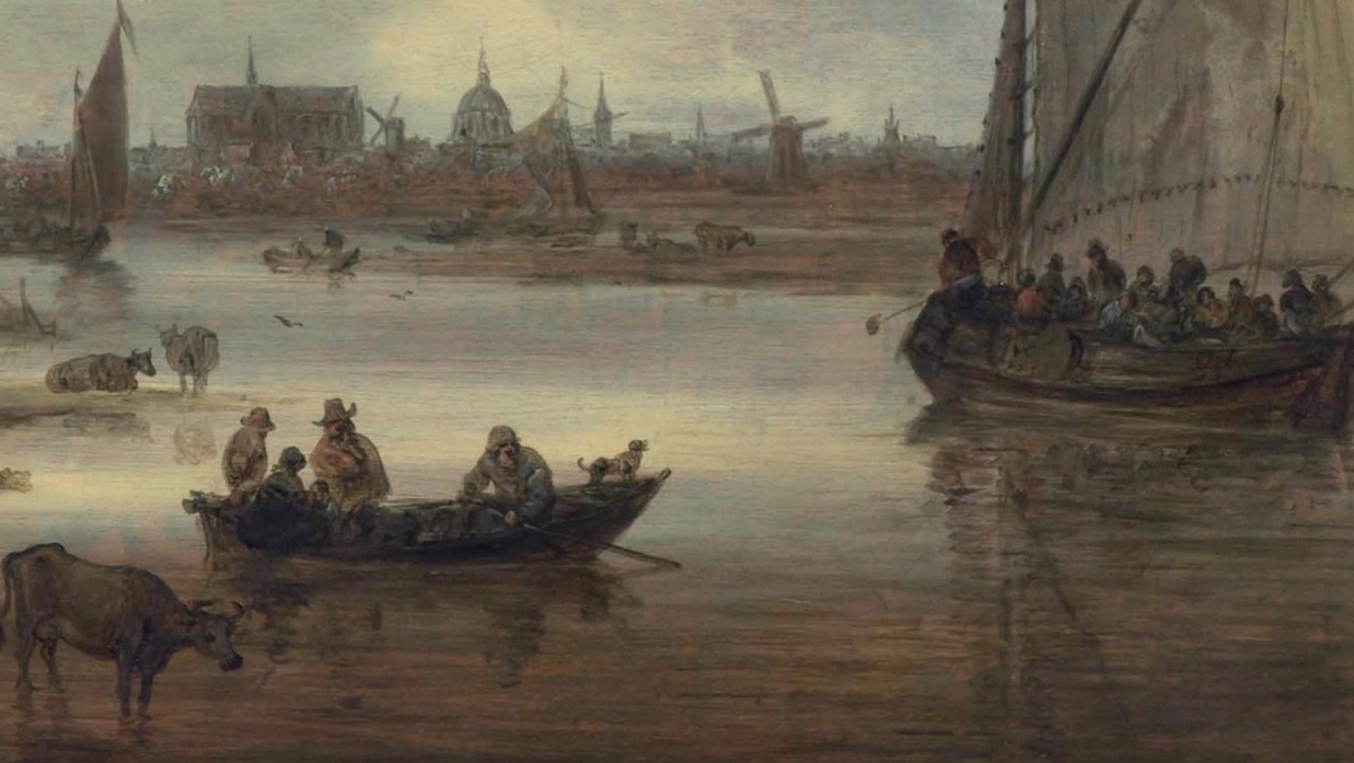 Just exactly what is a colored ground, and what can it do? A comparison between a painting with a landscape and figures attributed to Jan van Eyck (before 1390 –1441) and his workshop painted on a white ground, and one by Jan van Goyen (1596–1656) on a toned surface, serves to demonstrate the differences in buildup and pictorial effect.10 The Three Marys at the Tomb is characterized by enamel-like, luminous tones with clearly defined color areas (fig. 1). In Jan van Goyen’s View of Leiden from the North-East, overall color harmony and tonality are prioritized (fig. 2). The difference literally emerges from the different grounds the artists worked on. Painting on a white surface, the Van Eycks completely covered the panel with multiple translucent paint layers, as seen in a reconstruction of this painting by Indra Kneepkens (see figs. 14–18). This way of building up each area with different layers resulted in the deep green and vibrant red of the saints’ robes but also in distinct boundaries between the different areas of color. In contrast, Jan van Goyen worked on a brown base tone, the combined effect of a thin, light brown ground and the brown color and grain of the panel that shines through.11 This was a conscious decision; he carefully exploited the light brown surface as a midtone throughout the painting, a technique he used not only in this work but also in many others.12 The light brown color and the grain of the wood give translucent qualities to the water in the foreground, connect the city in the middle plane visually to it (fig. 3), and give a lively quality to the clouds in the sky (fig. 4). Van Goyen’s deft exploitation of the brown tone makes abundantly clear that the ground does not function in isolation. Together with the paint layers, a colored ground defines the suggested three-dimensionality of objects in a painting. At the same time, it serves to connect the many different parts in a painting, thus contributing to a sense of unity. Because of these multiple functions, it is also highly efficient.
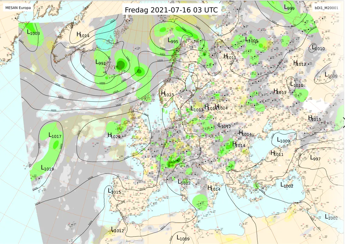 Förstora bildenAnalys av väderläget över Europa klockan 05 den 16 juli 2021.
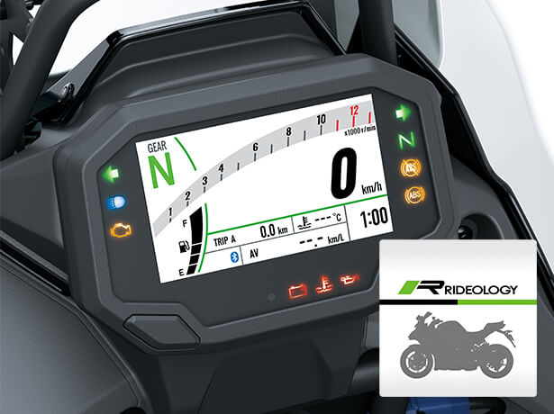 The KLE500 features a high-contrast full LCD instrument panel with a modern, rider-friendly layout. A bar-style tachometer positioned above the speedometer ensures clear readability, while comprehensive information is displayed, including speed, engine rpm, gear position, fuel level, distance, and fuel consumption.

________

• _Exercise goal_: The listing above, line by line: print it exactly, but not its pictures.

• _Solution for this problem_:
 Just exactly what is a colored ground, and what can it do? A comparison between a painting with a landscape and figures attributed to Jan van Eyck (before 1390 –1441) and his workshop painted on a white ground, and one by Jan van Goyen (1596–1656) on a toned surface, serves to demonstrate the differences in buildup and pictorial effect.10 The Three Marys at the Tomb is characterized by enamel-like, luminous tones with clearly defined color areas (fig. 1). In Jan van Goyen’s View of Leiden from the North-East, overall color harmony and tonality are prioritized (fig. 2). The difference literally emerges from the different grounds the artists worked on. Painting on a white surface, the Van Eycks completely covered the panel with multiple translucent paint layers, as seen in a reconstruction of this painting by Indra Kneepkens (see figs. 14–18). This way of building up each area with different layers resulted in the deep green and vibrant red of the saints’ robes but also in distinct boundaries between the different areas of color. In contrast, Jan van Goyen worked on a brown base tone, the combined effect of a thin, light brown ground and the brown color and grain of the panel that shines through.11 This was a conscious decision; he carefully exploited the light brown surface as a midtone throughout the painting, a technique he used not only in this work but also in many others.12 The light brown color and the grain of the wood give translucent qualities to the water in the foreground, connect the city in the middle plane visually to it (fig. 3), and give a lively quality to the clouds in the sky (fig. 4). Van Goyen’s deft exploitation of the brown tone makes abundantly clear that the ground does not function in isolation. Together with the paint layers, a colored ground defines the suggested three-dimensionality of objects in a painting. At the same time, it serves to connect the many different parts in a painting, thus contributing to a sense of unity. Because of these multiple functions, it is also highly efficient.
 Förstora bildenAnalys av väderläget över Europa klockan 05 den 16 juli 2021.
 The KLE500 features a high-contrast full LCD instrument panel with a modern, rider-friendly layout. A bar-style tachometer positioned above the speedometer ensures clear readability, while comprehensive information is displayed, including speed, engine rpm, gear position, fuel level, distance, and fuel consumption.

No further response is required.